_Exercise goal_: Take nothing but the lines from the one with "This dark, moody" through the one with "到底我白痴啊你白痴 你白痴啊誰白痴 |" in the entries below, both ends kept, and return them exactly with pictures left out.

_Provided data_:

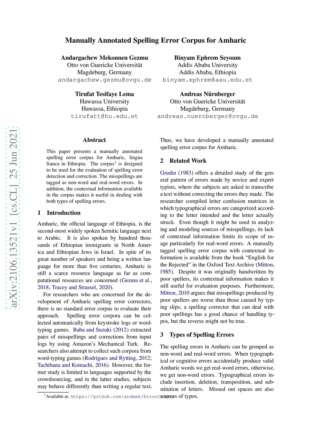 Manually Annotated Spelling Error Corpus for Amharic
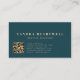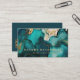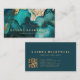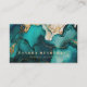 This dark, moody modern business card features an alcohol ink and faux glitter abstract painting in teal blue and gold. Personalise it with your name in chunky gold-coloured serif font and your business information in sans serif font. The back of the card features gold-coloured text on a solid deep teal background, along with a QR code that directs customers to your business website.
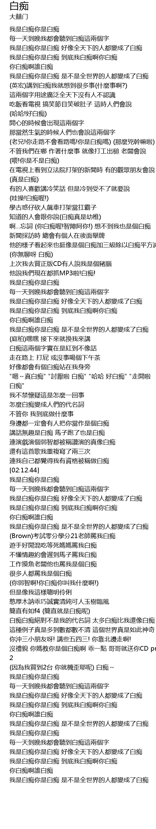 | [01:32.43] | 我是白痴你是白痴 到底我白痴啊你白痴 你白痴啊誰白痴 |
==
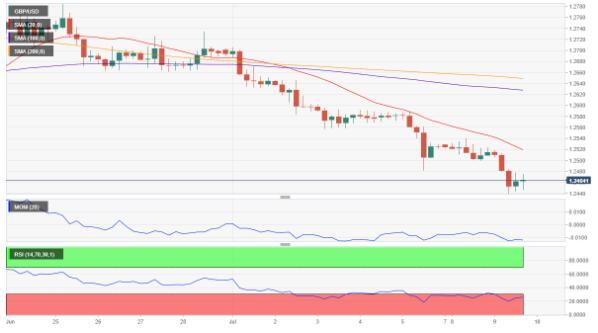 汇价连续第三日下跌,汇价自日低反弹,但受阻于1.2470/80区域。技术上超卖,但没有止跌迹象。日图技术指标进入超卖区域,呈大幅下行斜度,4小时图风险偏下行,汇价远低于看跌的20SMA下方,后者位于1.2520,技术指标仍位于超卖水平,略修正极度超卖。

_Reply to the task_:
 This dark, moody modern business card features an alcohol ink and faux glitter abstract painting in teal blue and gold. Personalise it with your name in chunky gold-coloured serif font and your business information in sans serif font. The back of the card features gold-coloured text on a solid deep teal background, along with a QR code that directs customers to your business website.
 | [01:32.43] | 我是白痴你是白痴 到底我白痴啊你白痴 你白痴啊誰白痴 |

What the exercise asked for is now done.